Tuesday, October 28, 2014
This year we had an opportunity to conduct fieldwork twice: as the 2013-14 wet season was concluding last April, and then this month just before accumulation began again. In addition to collecting data and working at the AWS, our visits bracketing the dry season were designed to investigate seasonal changes in the stable isotope composition of accumulation, as well as the extent and effects of meltwater percolation through the snowpack (i.e., mass redistribution).
Collaborating this month with Margit Schwikowski's group from PSI (Switzerland), we also drilled an ice core which will hopefully extend the 2003 ice core record of Lonnie Thompson up to the present. The team of Dr. Theo Jenk, Jogy Schindler & Reto Schild discovered that their lightweight drill was ideally suited for Quelccaya, and they established a new depth record for the equipment! Ironically, drilling was the easy part in some respects, for getting the gear in and out of Perú has required a full 2 weeks of effort by our logistics guru Benjamin Vicencio, Theo, and several diplomats. The ice is currently in a Lima freezer, but we anticipate shipment to PSI this week.
The new drilling is in support of collaboration with Mathias Vuille and John Hurley at the University at Albany, as part NSF-sponsored research examining the climatological history of the South American summer monsoon. An overview of this project is available here.
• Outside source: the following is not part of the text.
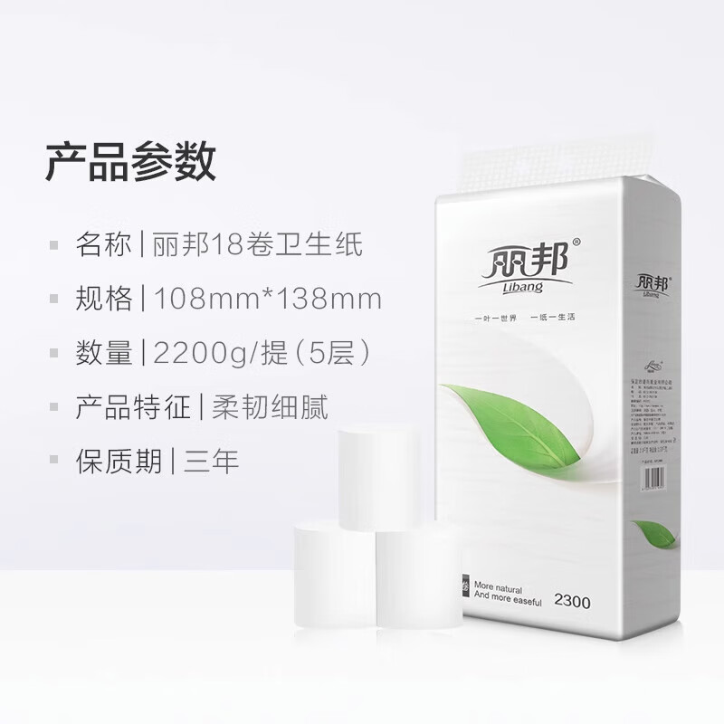 丽邦(Libang)妇婴卷纸一叶子系列五层实惠卫生纸家用厕纸无芯卷纸 5层 122g/卷*18卷 【4.4斤】

The image above was taken late in the afternoon by Reto Schild near our main camp at 5,200 m. It nicely depicts Cordillera Vilcanota weather and environment during late October this year - aspects of which will be discussed and illustrated here in greater detail. Note, for example, dramatic convection caused by increasing atmospheric instability at this time of year. The Vilcanota landscape is a mosaic of starkly contrasting environments, whose attributes were especially apparent this October; extreme 2013-14 accumulation remained on glaciers at the highest elevations, yet with longer days and higher temperatures at this time of year, considerable low-albedo ice was exposed below the transient snowline. As a result, meltwater runoff from glaciers was much greater than that of the core dry season, flooding bofedales and lakes (see image). Where present, water in this landscape supports a fascinating biodiversity, as demonstrated to us nightly by a chorus of frogs outside our tents... in sub-freezing temperatures at 5,200 meters!
Quelccaya Ice Cap and Vilcanota glaciers are receding rapidly. With their shrinkage, water resources will decline, and lead inexorably to environmental and ecological change. Without meltwater runoff from glaciers during the dry season, the landscape will be very different, as sparse vegetation in the foreground and middle distance suggest. But while the glaciers remain, we are attempting to learn as much as possible about them, the paleoclimate archive they record, and the ecosystems they support.